If there’s anyone who should be the first to ever perform poetry at the Super Bowl, it’s inauguration poet Amanda Gorman
In case you somehow missed this, Amanda Gorman stole the show at Joe Biden’s inauguration. The 22-year-old performed “The Hill We Climb,” a powerful and inspirational poem she wrote about our country’s racial and political divisions, with much of it finished as she watched the Jan. 6 riots by pro-Trump insurrectionists unfold at the U.S. Capitol. And now, she’s going to be the first poet ever to perform at the Super Bowl.
On Wednesday, the NFL announced that Gorman will be an official performer at this year’s game, which is one of the most-watched television broadcasts of the year. She will perform before the official coin toss, reading a poem that will recognize an educator, a nurse, and a veteran for helping their communities during the coronavirus pandemic. The NFL announced that the poem will be broadcast on CBS, where millions of Americans will be watching.
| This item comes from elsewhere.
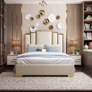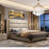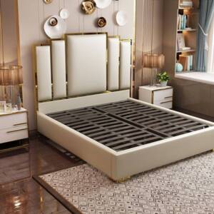 عززي من أناقة قطع الأثاث في منزلكِ باقتناء هذا السرير كينج الرائع، مصمم بطابع عصري ولوح رأسي معنقد، ومصنوع من خامات الخشب الهندسي عالية الجودة بتشطيب منجّد يضفي علي لمسة ملكيّة. هذا السرير متين وسهل التّنظيف بمسحة رقيقة فقط.

Gorman’s poem will honor Trimaine Davis, a teacher who worked to secure electronic equipment for his students when schools were shut down; Suzie Dorner, an ICU nurse manager from Tampa, Florida; and James Martin, a Marine veteran who has been working throughout the pandemic to support other veterans in any way he can. Davis, Dorner, and Martin will be at the Super Bowl to serve as honorary captains of the Big Game. According to the NFL, they’ll take part in the coin toss ceremony, which is televised from the middle of the field just before the game starts.
Gorman and her work gained national fame after she performed “The Hill We Climb” at the Biden inauguration. Since then, her books have become the top two best sellers on Amazon, and she’s appeared on national shows like Ellen to share more about her powerful and inspirational work. She explained to CNN’s Anderson Cooper that she drew inspiration from the works of Frederick Douglass and Abraham Lincoln while she was writing her Inauguration Day poem — two leaders who were powerful speakers during times the country was hopelessly divided.
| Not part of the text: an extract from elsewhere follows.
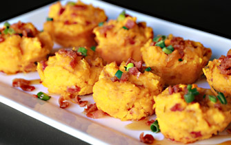 Bite-sized mini-muffins baked with fresh sweet potato and spicy jalapeños, topped with crispy bacon and served over a sweet maple glaze.

“What it did is it energized me even more, to believe that much more firmly in a message of hope and unity and healing,” she said. “I felt that was the type of poem I needed to write, and it was the type of poem that the country and the world needed to hear.”
“Whenever I perform — and I definitely did it this time — I close my eyes and I say, ‘I’m the daughter of Black writers,’” Gorman said. “We’re descended from freedom fighters who broke their chains and changed the world. They call me.”
You can hear Gorman’s new poem during the Super Bowl broadcast on CBS on Feb. 7.